══ Material shown ══

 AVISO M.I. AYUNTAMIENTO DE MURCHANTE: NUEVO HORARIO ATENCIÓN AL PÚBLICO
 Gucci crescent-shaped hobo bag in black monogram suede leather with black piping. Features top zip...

═══
══ Material shown ══

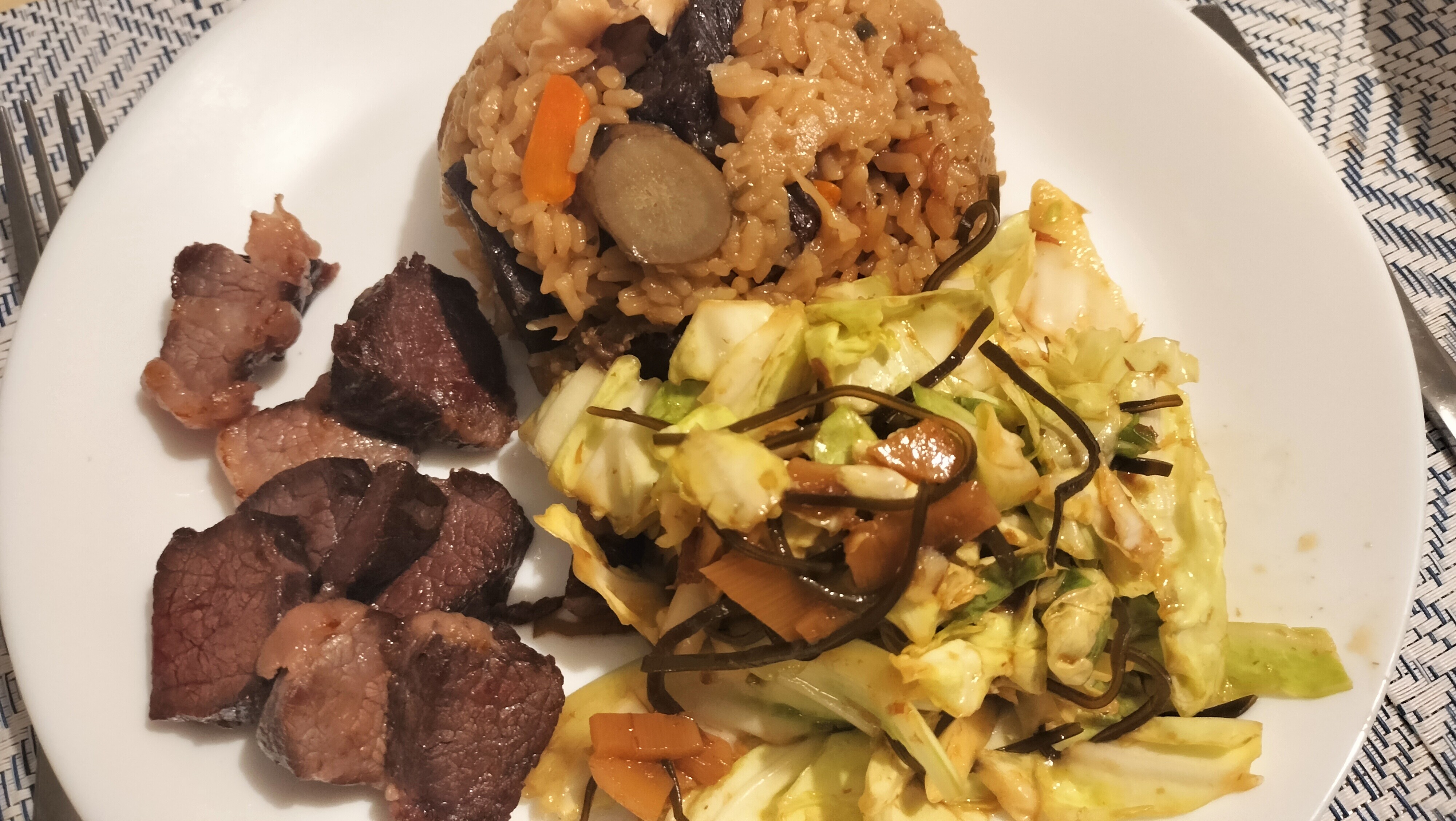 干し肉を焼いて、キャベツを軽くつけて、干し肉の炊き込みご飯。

═══

**What you will do:**
Please reproduce, exactly as they appear above, the lines from the line containing "AVISO M.I. AYUNTAMIENTO" up to and including the line containing "Gucci crescent-shaped hobo".

**Written response:**
 AVISO M.I. AYUNTAMIENTO DE MURCHANTE: NUEVO HORARIO ATENCIÓN AL PÚBLICO
 Gucci crescent-shaped hobo bag in black monogram suede leather with black piping. Features top zip...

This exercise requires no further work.